* _How to complete this task_
Every line below from the one containing "研究进展一:利用香禾糯遗传演化规律揭示侗族族源及迁徙路线" through the one containing "卡通情侣接吻手捧鲜花免抠素材" must be transcribed exactly. Omit all lines outside that stretch.

Start of Information given

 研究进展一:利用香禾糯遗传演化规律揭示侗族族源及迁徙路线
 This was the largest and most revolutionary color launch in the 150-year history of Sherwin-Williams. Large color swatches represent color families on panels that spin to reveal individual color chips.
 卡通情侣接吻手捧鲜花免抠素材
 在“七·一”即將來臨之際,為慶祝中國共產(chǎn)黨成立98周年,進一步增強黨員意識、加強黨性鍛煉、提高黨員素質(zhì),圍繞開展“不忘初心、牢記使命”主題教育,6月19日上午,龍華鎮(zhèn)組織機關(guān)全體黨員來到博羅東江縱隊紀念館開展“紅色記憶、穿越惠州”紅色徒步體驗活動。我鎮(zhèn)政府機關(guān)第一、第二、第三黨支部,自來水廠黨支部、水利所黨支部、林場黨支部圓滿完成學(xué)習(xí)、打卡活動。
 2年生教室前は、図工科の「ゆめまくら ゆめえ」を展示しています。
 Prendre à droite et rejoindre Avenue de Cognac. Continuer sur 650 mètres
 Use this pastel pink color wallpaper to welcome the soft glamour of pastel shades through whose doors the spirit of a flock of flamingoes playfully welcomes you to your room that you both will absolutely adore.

End of Information given
Start of Information given

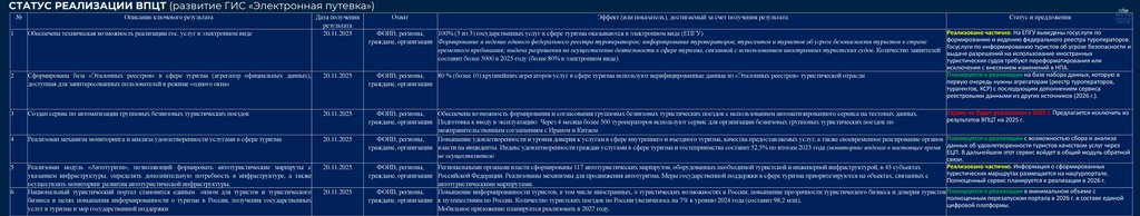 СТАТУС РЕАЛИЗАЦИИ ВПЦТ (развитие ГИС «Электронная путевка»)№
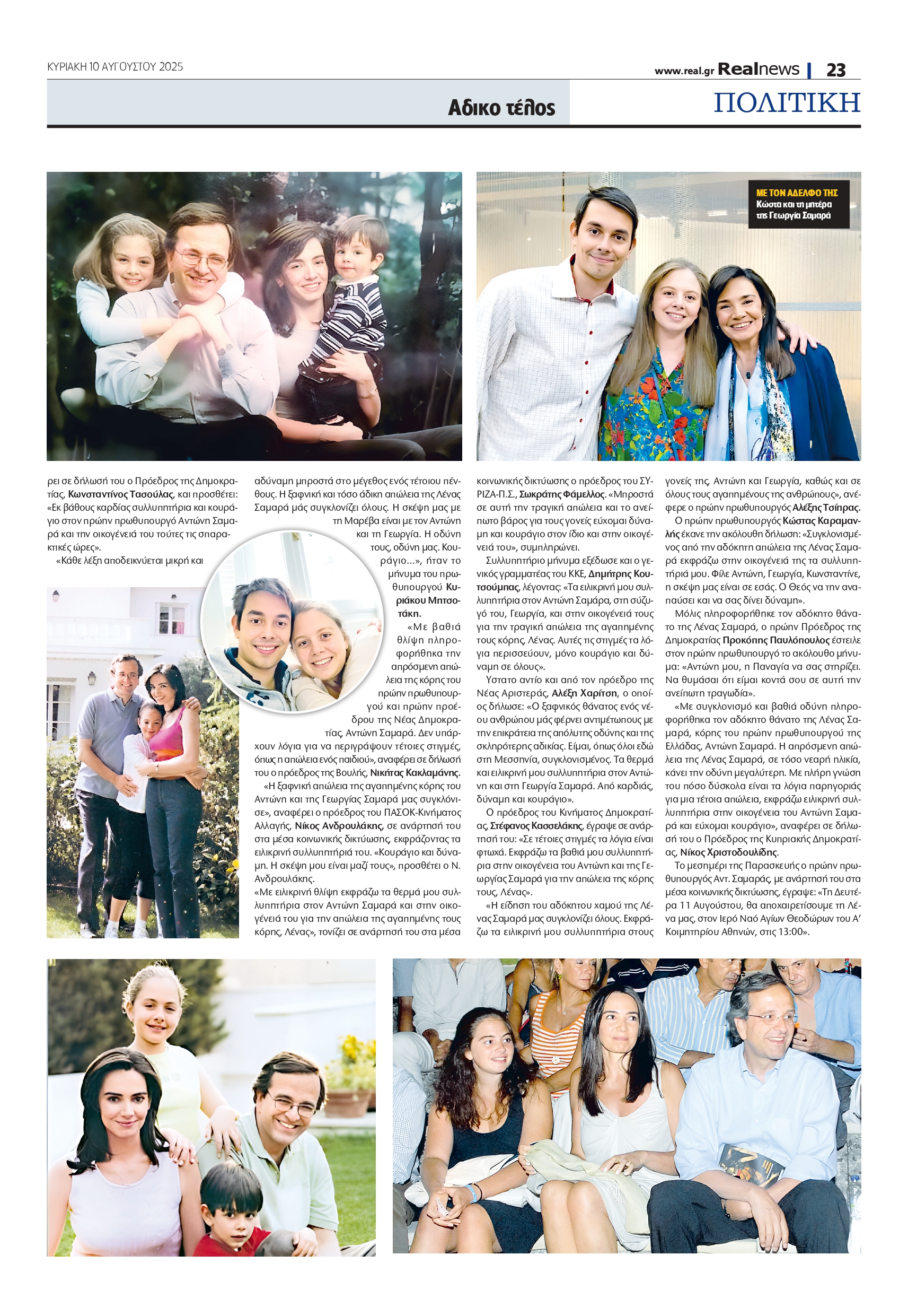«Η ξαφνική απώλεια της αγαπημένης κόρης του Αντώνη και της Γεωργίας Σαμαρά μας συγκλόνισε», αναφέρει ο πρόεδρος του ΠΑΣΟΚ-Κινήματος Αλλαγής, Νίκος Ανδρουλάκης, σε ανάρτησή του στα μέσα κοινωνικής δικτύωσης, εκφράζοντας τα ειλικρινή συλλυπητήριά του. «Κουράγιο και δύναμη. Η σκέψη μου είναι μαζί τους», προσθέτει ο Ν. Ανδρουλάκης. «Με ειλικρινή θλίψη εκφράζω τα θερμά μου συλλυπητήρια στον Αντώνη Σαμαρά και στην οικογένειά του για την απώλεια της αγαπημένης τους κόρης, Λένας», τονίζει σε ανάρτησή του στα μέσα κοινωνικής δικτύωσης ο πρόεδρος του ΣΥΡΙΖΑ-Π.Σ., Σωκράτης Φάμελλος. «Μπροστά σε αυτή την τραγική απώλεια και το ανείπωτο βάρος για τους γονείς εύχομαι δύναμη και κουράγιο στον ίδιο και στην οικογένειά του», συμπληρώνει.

End of Information given
Start of Information given

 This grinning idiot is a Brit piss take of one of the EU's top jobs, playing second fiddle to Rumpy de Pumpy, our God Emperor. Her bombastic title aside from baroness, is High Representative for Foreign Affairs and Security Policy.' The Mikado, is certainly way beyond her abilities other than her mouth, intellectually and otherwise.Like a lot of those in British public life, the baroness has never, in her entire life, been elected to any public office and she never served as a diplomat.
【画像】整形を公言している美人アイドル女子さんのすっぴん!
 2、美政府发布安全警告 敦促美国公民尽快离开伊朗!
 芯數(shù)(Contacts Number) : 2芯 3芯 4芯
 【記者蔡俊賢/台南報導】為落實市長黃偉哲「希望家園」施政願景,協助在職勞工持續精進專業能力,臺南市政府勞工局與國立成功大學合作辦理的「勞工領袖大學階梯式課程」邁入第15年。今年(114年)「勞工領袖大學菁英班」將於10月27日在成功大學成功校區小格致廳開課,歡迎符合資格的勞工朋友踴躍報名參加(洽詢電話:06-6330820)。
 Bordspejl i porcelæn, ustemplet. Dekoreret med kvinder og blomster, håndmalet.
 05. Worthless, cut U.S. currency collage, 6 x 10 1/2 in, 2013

End of Information given

* _Solution_
 研究进展一:利用香禾糯遗传演化规律揭示侗族族源及迁徙路线
 This was the largest and most revolutionary color launch in the 150-year history of Sherwin-Williams. Large color swatches represent color families on panels that spin to reveal individual color chips.
 卡通情侣接吻手捧鲜花免抠素材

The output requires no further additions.